# Fetch. Will this work for me?



## Rascal (Jan 23, 2012)

Hi everyone, my boy is six months now, i've been trying to get him to fetch in a thousand different ways and finally found one that works (kinda at least)

I hold a tug and a tennisball, throw the tennisball and my dog goes after it, once he gets a hold of the ball i lure (dont know if i spelled that right) him back with the tug. He'll let the ball go to play ToW with me.

Here's my question. There is NO way he lets go of the tug, i have to let him win, pick up the tennisball, toss it up and down till he drops the tug then i throw the tennisball and pick up the tug to start over. 

I heard you're not supposed to let your dog win the ToW game every time so i'm worried i might teach him something that's wrong?

Thx in advance!


----------



## Stosh (Jun 26, 2010)

You have the right idea, but you can try trading the tug for a treat he loves.
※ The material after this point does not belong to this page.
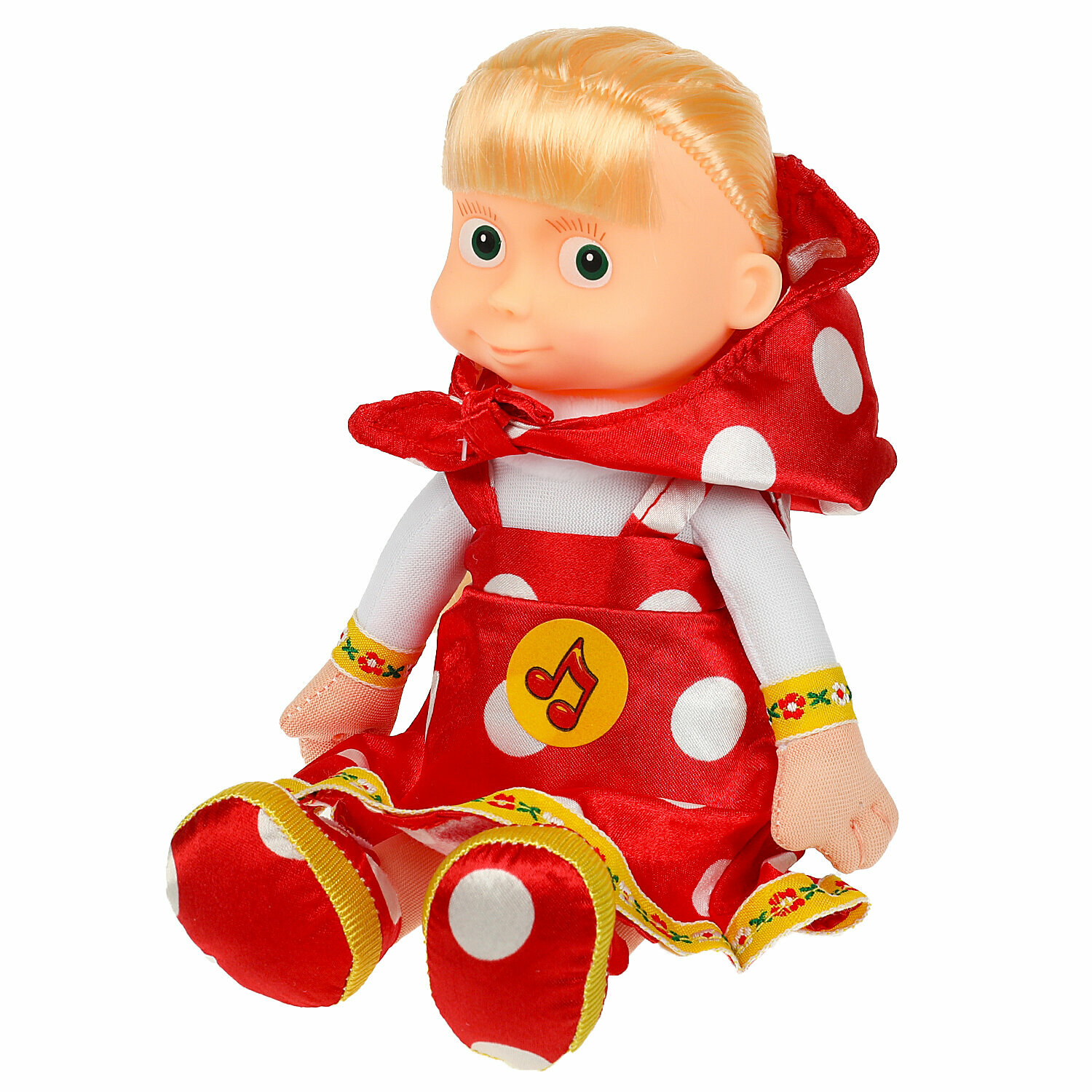 Мягкая кукла Маша, которая является уменьшенной копией героини популярного мультсериала, способна понравиться многим детям. Музыкальная игрушка очень похожа на героиню анимационного фильма Маша и Медведь, которая обладает очень веселым нравом и дружит с лесными животными. Встроенный в игрушку чип позволяет ей произносить несколько фраз, которые точно позабавят девочек и мальчиков.

Hold the treat close enough so that as soon as he drops the tug you can put the treat right in his mouth. Only use that fabulous treat for when you're playing fetch and eventually you can give the drop it command. Once he learns that you can use the command when you're playing tug- I say 'that's enough', cross my arms and look away and Stosh knows the game is over


----------



## Rascal (Jan 23, 2012)

Thx for the reply!

I tried with the treat like you say, he just won't let the tug go..
any toy he will let go for the treat isn't goed enough to bring the ball back :crazy:
I'll go scouting for even better treats and see if that works.

You mean i have to trade the treat for the tug without giving a command?


----------



## NancyJ (Jun 15, 2003)

I got some help this weekend on some release drills by having two tugs. Stop play. hold up 2nd tug. Say out when first tug drops. Repeat repeat repeat. then say out and give tug when he drops it.

Also you can play two ball and that helps. Just google it - the game has been out there for a long time.

My own dog won't take a treat when we are playing fetch or tug though he will at other times. 

Also got some advice on not being mauled by the dog trying to grab the tug......and only having him take it when a say he can. I have a new phrase "my ball" (We play with a ball on a string a lot) which means "back off and let me get it"


----------



## Rascal (Jan 23, 2012)

By end play, do you mean let the tug go (= letting him win)? Because he drops the tug as soon as i let go of it and start tossing the ball up and down..

I read about the 2 Ball method and tried it but i just couldn't get him to come back to me..

Thx for the reply(s) !


----------



## NancyJ (Jun 15, 2003)

Let the tug go. Show him 2nd tug. That way you can do it rapid fire with the outing without having a fetch in between to just train the out. The tug seems higher value for him.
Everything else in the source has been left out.